Aeromonas hydrophila resides in a variety of aquatic environments. Infections with A. hydrophila mainly occur after contact with fresh or brackish water. Nosocomial infections with A. hydrophila can also occur. A. hydrophila infections can be difficult to treat due to both intrinsic and acquired antimicrobial resistance (AMR) mechanisms. In 2018–19, we isolated multi-drug resistant (MDR) A. hyrodphila from two solid organ transplant patients with intra-abdominal infections. We aimed to characterize their AMR mechanisms and to determine their genetic relatedness to aid epidemiological investigation. We performed whole genome sequencing (WGS) using Illumina MiSeq and Nanopore MinIon on 3 A. hydrophila isolates, with one isolate from Patient A (blood) and two isolates from Patient B (abdominal and T-tube fluid, isolated 2 weeks apart). Phenotypic assays included: Broth Microdilution (BMD), Modified Hodge Test (MHT), Modified Carbapenem Inactivation Method (mCIM), and EDTA Carbapenem Inactivation Method (eCIM). Data analyses were performed using CLCbio and Geneious. AMR genomic analysis revealed that all three isolates possess chromosomally encoded genes including bla_OXA−12(oxacillinase), bla_cepS(AmpC), and bla_cphA7(metallo-beta-lactamase). All isolates tested strongly positive by MHT and mCIM, but only Patient B's second isolate (after 2 weeks of meropenem treatment) tested positive by eCIM. More intriguingly, Patient B's first isolate (before meropenem treatment) tested falsely susceptible to carbapenems by BMD, suggesting bla_cphA7 gene was not expressed constitutively. Phylogenetic analysis showed the two isolates from Patient B were highly similar with only 1 SNP difference. The isolate from Patient A only differed from Patient B's isolates by 35 and 36 SNPs, respectively, suggesting close genetic relatedness. Further epidemiological investigation is undergoing. We report the first cases of CphA-mediated carbapenem resistant A. hydrophila in the U.S. It is concerning that 1 out of 3 isolates tested falsely susceptible to carbapenems by BMD despite clear carbapenemase production shown by strongly positive MHT and mCIM. In both cases, meropenem was initially used to treat the patients. Clinicians and microbiologists in the US should be aware of the emerging MDR Aeromonas nosocomial infections and the potential false carbapenem susceptible results due to CphA-type carbapenemase, which may be induced during treatment.

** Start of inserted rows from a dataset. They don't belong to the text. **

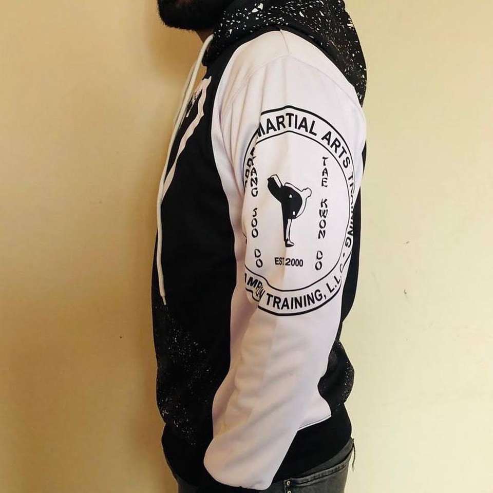 เสื้อมีฮู้ดแบบซับลิเมตเกรดพรีเมี่ยมสำหรับทุกเพศเสื้อคิกบ็อกซิ่งใส่ได้ตามต้องการโลโก้ที่กำหนดเองมีฮู้ดแบบสวมหัวมีฮู้ด450 GSM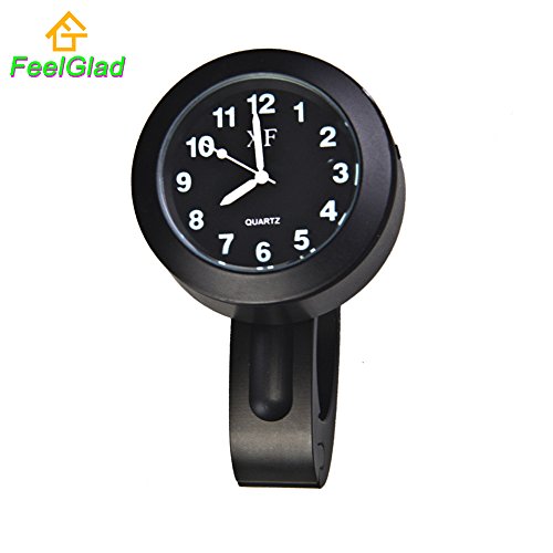 FeelGlad (TM) Universal Waterproof Motorcycle Handlebar Black Dial Clock Noctilucent 7/8" & 1" Handlebar Mount for Yamaha Kawasaki Honda Suzuki Harley Davidson - Black
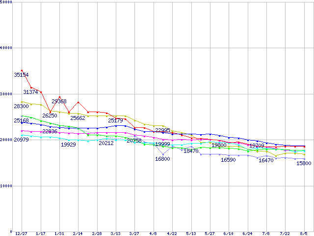 | [↓次グラフ]: | HDD主要製品(最安値2万円以上)の最安値推移 |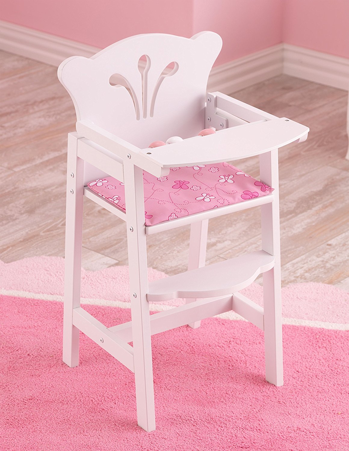 Jídelní židlička pro panenky v bílé barvě s růžovým obustranným polstrováním a odjímatelnou jídelní částí. Krásná židlička s propracovanými detaily skrývá i možnost hry u jídelní části.

嗜水气单胞菌居住在各种水生环境中。感染亲水曲霉主要发生在接触淡水或微咸水之后。医院感染亲水曲霉 也会发生。 亲水曲霉由于内在的和获得性的抗菌素耐药性（AMR）机制，感染可能难以治疗。在2018-19年度，我们隔离了多药耐药（MDR）嗜水气单胞菌来自两名患有腹腔内感染的实体器官移植患者。我们旨在表征其AMR机制并确定其遗传相关性，以协助流行病学调查。我们使用Illumina MiSeq和Nanopore MinIon在3上进行了全基因组测序（WGS）亲水曲霉分离株，其中一种来自患者A（血液），另一种来自患者B（腹部和T管液，分离2周）。表型分析包括：肉汤微稀释（BMD），改良的Hodge检验（MHT），改良的碳青霉烯灭活方法（mCIM）和EDTA碳青霉烯灭活方法（eCIM）。使用CLCbio和Geneious进行数据分析。AMR基因组分析表明，所有三个分离株均具有染色体编码的基因，包括bla_OXA-12（奥沙西林酶），bla_cepS（AmpC），以及 bla_phA7（金属-β-内酰胺酶）。所有分离株均通过MHT和mCIM测试呈强阳性，但只有患者B的第二个分离株（美洛培南治疗2周后）通过eCIM测试呈阳性。更有趣的是，患者B的第一个分离株（美罗培南治疗之前）通过BMD检测为对碳青霉烯类药物易感，表明bla_phA7基因不是组成性表达。系统发育分析表明，来自患者B的两个分离株高度相似，只有1个SNP差异。来自患者A的分离株与患者B的分离株分别分别具有35和36个SNP的差异，表明其密切的遗传相关性。正在进行进一步的流行病学调查。我们报告了首例CphA介导的碳青霉烯耐药亲水曲霉在美国，尽管MHT和mCIM呈强阳性表现出明显的碳青霉烯酶产生，但BMD检测出的3个分离株中有1个对碳青霉烯类药物易感。在这两种情况下，美罗培南最初都用于治疗患者。美国的临床医生和微生物学家应注意新兴的MDR气单胞菌 CphA型碳青霉烯酶引起的医院感染和潜在的假碳青霉烯易感性结果，可能在治疗过程中诱发。